- EXERCISE PROMPT
Within the listing that follows, reproduce exactly the lines starting at the line with "Мэс засал хийсэн" and ending at the line with "Located off the", inclusive, and only those. Pictures are dropped.

- PROVIDED INFORMATION
------------------------------------------------------------

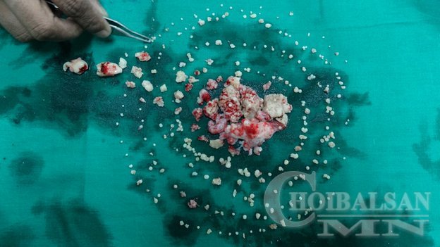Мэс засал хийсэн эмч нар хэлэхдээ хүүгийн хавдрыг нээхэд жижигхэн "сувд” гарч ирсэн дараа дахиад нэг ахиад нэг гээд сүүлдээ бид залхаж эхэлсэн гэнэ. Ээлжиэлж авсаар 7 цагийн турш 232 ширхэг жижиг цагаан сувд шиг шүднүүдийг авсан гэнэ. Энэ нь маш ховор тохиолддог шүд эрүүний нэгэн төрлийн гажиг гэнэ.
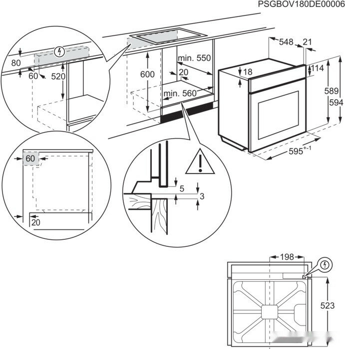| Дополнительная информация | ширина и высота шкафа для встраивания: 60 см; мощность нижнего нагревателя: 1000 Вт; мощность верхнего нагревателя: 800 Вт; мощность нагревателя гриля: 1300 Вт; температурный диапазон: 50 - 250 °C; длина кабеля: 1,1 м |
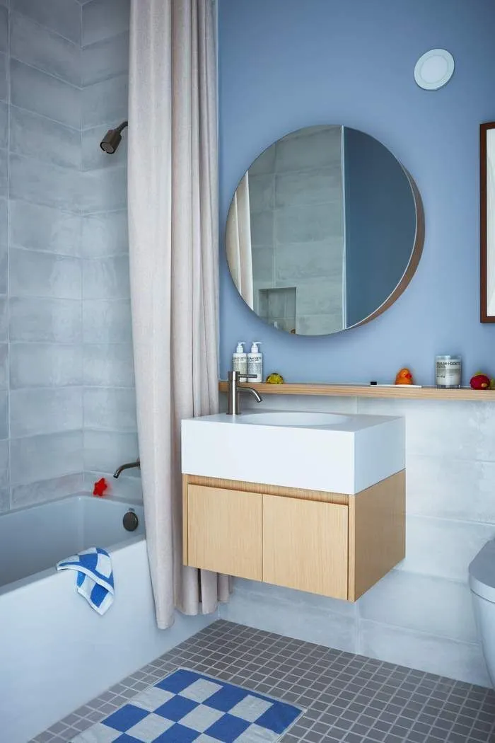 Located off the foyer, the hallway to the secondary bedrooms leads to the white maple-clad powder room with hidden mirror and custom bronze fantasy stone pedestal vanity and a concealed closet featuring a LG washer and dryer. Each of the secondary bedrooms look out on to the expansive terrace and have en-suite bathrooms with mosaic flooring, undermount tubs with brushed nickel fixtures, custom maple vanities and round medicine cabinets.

------------------------------------------------------------

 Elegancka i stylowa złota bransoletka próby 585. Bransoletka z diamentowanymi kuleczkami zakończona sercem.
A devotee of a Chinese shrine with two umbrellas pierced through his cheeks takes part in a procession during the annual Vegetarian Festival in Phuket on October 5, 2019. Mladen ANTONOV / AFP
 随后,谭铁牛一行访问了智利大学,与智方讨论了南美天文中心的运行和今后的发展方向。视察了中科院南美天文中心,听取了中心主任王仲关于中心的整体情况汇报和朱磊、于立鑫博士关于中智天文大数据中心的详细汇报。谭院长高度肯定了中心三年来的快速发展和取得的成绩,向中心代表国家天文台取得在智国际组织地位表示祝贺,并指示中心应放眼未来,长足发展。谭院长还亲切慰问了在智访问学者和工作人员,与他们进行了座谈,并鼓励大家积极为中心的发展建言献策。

------------------------------------------------------------

- TASK RESULT
Мэс засал хийсэн эмч нар хэлэхдээ хүүгийн хавдрыг нээхэд жижигхэн "сувд” гарч ирсэн дараа дахиад нэг ахиад нэг гээд сүүлдээ бид залхаж эхэлсэн гэнэ. Ээлжиэлж авсаар 7 цагийн турш 232 ширхэг жижиг цагаан сувд шиг шүднүүдийг авсан гэнэ. Энэ нь маш ховор тохиолддог шүд эрүүний нэгэн төрлийн гажиг гэнэ.
| Дополнительная информация | ширина и высота шкафа для встраивания: 60 см; мощность нижнего нагревателя: 1000 Вт; мощность верхнего нагревателя: 800 Вт; мощность нагревателя гриля: 1300 Вт; температурный диапазон: 50 - 250 °C; длина кабеля: 1,1 м |
 Located off the foyer, the hallway to the secondary bedrooms leads to the white maple-clad powder room with hidden mirror and custom bronze fantasy stone pedestal vanity and a concealed closet featuring a LG washer and dryer. Each of the secondary bedrooms look out on to the expansive terrace and have en-suite bathrooms with mosaic flooring, undermount tubs with brushed nickel fixtures, custom maple vanities and round medicine cabinets.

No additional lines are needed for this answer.